‘Chaos: The Manson Murders’ Review: All You Ever Knew is Suspect

‘Chaos: The Manson Murders’ Review: All You Ever Knew is Suspect

Most likely you know the outline of the case: Charles Manson, the failed musician and wild-eyed hippie, ordered his “family” — drug-addled runaways, mostly, who had been living with him at a ranch full of old movie sets — to carry out a series of gruesome murders on the evenings of Aug. 8 and 9, 1969. Among the victims was the actress Sharon Tate, then eight and a half months pregnant with her first child. Her husband, the director Roman Polanski, was out of town at the time.

The story includes all kinds of weird spiky bits, well-documented, from accidents and coincidences (who was there that night, who wasn’t) to Manson’s connections to Dennis Wilson of the Beach Boys and his worship of the Beatles to the bizarre behavior he and his acolytes exhibited during the sensationalized trial.

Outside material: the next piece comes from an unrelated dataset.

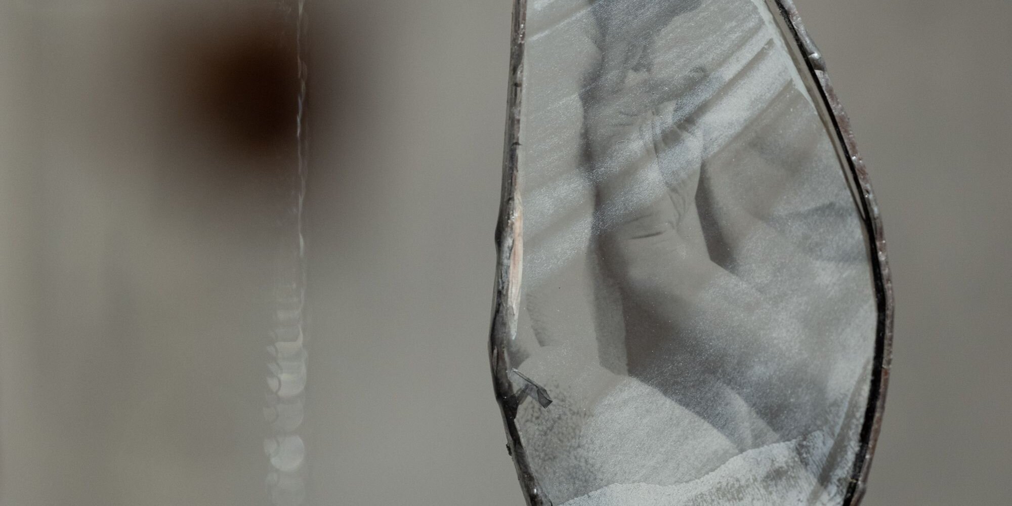 我在这呢喃中转了两圈,从圆缺处往窗边挪。房间一角有数条细链自天花板垂下,链子上坠着珍珠、玻璃残片、树脂等,在窗口漏进的阳光和室内的射灯交投下熠熠生辉,让人不由得伫立凝望:树脂里藏着鲜艳的血块;玻璃片上转印着黑白照片的图像——翻转的手、瞥视的眼、两人相伴的背影;金属框嵌着一块藏有裂痕的玻璃,我想蹲下细看时又被系在末端的一缕发丝吸引了目光……。(《你眼中闪烁的光芒》[glimmer in your eye],2023)
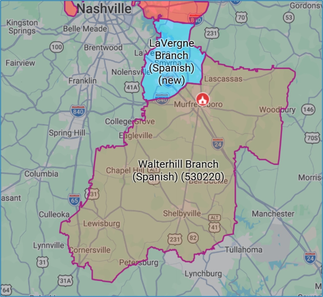 Esta unidad mantendrá los mismos límites que la anterior Rama Stones River 2nd, excepto que el límite norte ha cambiado debido a la creación de la nueva Rama Hispana de LaVergne.

O’Neill, in his book, goes deeper, raising the specter of various conspiracy theories about potential covert government operations that seem, with the space of time and some well-placed Freedom of Information Act requests, to at least have the potential of maybe being linked to the case.

O’Neill, a dogged reporter who pursued the story for decades, is well aware in the book that he appears to be a bit deranged — but that’s because, he insists methodically, the whole thing is kind of deranged. There’s no strict evidence but the distinct possibility that Manson crossed paths, and maybe more, with United States covert operations that intersected eerily with the sort of mind control he was able to enact on his followers. The C.I.A., through initiatives like Project MK-Ultra and Operation CHAOS, for instance, spied on citizens and experimented with initiatives aimed at controlling minds and creating, as Morris puts it in cinematic terms, a Manchurian candidate. Similarly, the F.B.I.’s Cointelpro projects aimed to disrupt groups viewed as subversive, such as the antiwar movement, civil rights movement, Communist and socialist organizations, the women’s movement and in particular the Black Panthers, on whom Manson’s family explicitly tried to pin the murders. These covert operations on citizens are familiar territory for Morris, including his 2017 six-part series “Wormwood,” of which he inserts a tiny clip into “Chaos,” with little explanation. It’s seemingly a way to remind his more dedicated viewers this isn’t his first go-round on this topic.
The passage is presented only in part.